Still, though, as I arrived at the small sound stage, I was so nervous; I remember thinking that I might get sick. 

I concentrated on my few lines.  As with most movies of its ilk, I wouldn't have to say much.  My character was a teenaged boy who gets seduced by an older man.  Simple.  And then there was the sex. 

When I came in, Mr. Erickson greeted me, and asked me to sign a bunch of forms.  They had to get a copy of my driver's license (I guess to prove my age).  Disclaimers and contracts -- there were so many that it took almost thirty minutes to get through them all.

When I was done, they took me to wardrobe.  I remember thinking that what they had me wear was so scandalous.  Those shorts were so short and that top...it was barely there.  The underwear was so tight and skimpy.  And when I looked in the mirror, I saw a boy -- no, not really a boy...something else -- who was just aching for it. 

And then I met my costar.  I don't remember his name; I never saw him again after that day.  But I remember he was reassuring; I guess he knew I was nervous.  Did he know it would be my first time -- on camera or otherwise -- to be with a man?  I don't know.   Anyway, he was an older guy - around forty or so -- but he was rugged, handsome, and muscular.  I remember that he had just a touch of gray in his hair. 

Most people think that the people who work in the porn industry are inherently sleazy.  I know I did.  But they aren't.  The crew were so nice to me; they didn't leer.  They didn't give off that oily vibe.  Kind of like Mr. Erickson.

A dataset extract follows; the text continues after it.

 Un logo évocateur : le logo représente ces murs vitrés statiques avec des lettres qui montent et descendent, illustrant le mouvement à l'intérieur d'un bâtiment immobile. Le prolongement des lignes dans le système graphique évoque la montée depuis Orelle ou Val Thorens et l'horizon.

And then the time came for my debut. 

If I'm honest, I have to say that there wasn't much acting going on.  The character was kind of close to who I was then, so my reactions were almost second nature. 

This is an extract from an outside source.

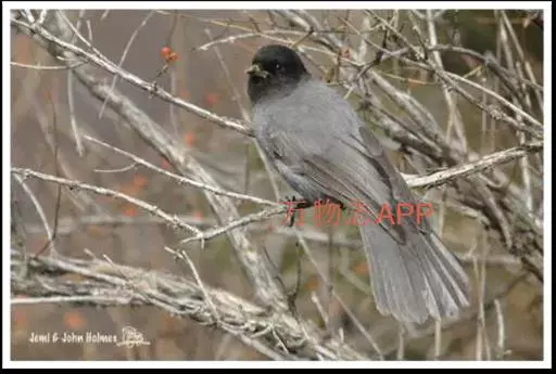 黑头噪鸦(图2) 黑头噪鸦身长约30厘米。雄性成鸟:额、头顶、头侧、颈侧、眼先、耳羽及鼻须概黑色;新采标本嘴色向后至上颈色较暗呈不甚明显的半环状斑;肩、背、腰及尾上覆羽黑褐色沾蓝或乌灰色沾褐、最长的尾上覆羽沾棕褐,翅羽黑褐色,羽轴辉黑(江达采得一雄鸟一侧初级覆羽第1枚纯白色,另一侧具白色缘;青海斑玛采得一雄鸟,初级覆羽一侧有1枚为白色,另一侧有2枚为白色)。尾羽黑褐色,中央尾羽具隐斑,外侧尾羽隐斑不著且愈向外侧隐斑愈少。颏、喉黑色或暗烟灰色;胸、腹、胁辉黑褐色(狐化标本乌灰色沾褐);尾下覆羽浅灰沾淡黄。覆腿羽黑色;腋羽烟灰色。

When he touched me, I instinctively flinched, but he relaxed me by rubbing my shoulders.  When I first touched his hardening penis through his slacks, the shock on my face wasn't acting.  It felt so thick, so solid.  When I unzipped his fly, the anticipation, the nervousness, the excitement -- all real.  When I reached in, and freed it from his underwear, the hesitation wasn't an act. 

When I first set eyes on it, with my dainty hand wrapped around its base, I couldn't help but say, "But it's so big..."  It came out in a hoarse whisper.  I had been prepared for a penis, but that thing...it was my first experience with a real cock.

I never expected it, but my instincts actually took over.  I thought that I'd hesitate.  I thought that I'd have to force myself to touch it, to caress it, to lick it.  But that all happened so naturally.  It was like I'd been waiting my entire adult life to finally realize that for all those years with Amy, that I had simply been pretending.  Maybe she was as much a substitute for me as I was for her. 

I licked.  I sucked.  I cradled his balls.  I was so into it that I forgot people were watching. 

I thought that we'd get direction, that someone would say, "Okay, now it's time for the anal sex!" or something.  But they just let it go.  It all happened so organically that it was easy to forget where I was, what was happening.

The set was built to mimic a living room, and my costar was sitting on the couch, while I knelt in front of him, sucking that enormous cock.  I was almost in a daze; I didn't even think about it.  I just stood, climbed atop him, and lowered myself onto him.  I don't know what came over me; I just took over.  It felt so empowering, being in control.  I decided how fast we went.  I was the one in charge.  And I loved every second of it.

He actually came inside of me -- which was a novel sensation -- after only fifteen minutes.  As I felt his cock soften, I sort of came out of my daze.  There wasn't another sound to be heard.  I looked around.  No one was moving.  They all just stared.  I even saw one cameraman whose mouth stood open, gaping like an idiot.

"G-good job," I heard Mr. Erickson stammer.

Looking back, nothing about that first movie was anything resembling professional.  Everything just screamed amateur.  But I was young, then, and so inexperienced.  Some people might say that they took advantage of me. 

I wouldn't trade that experience for the world, though.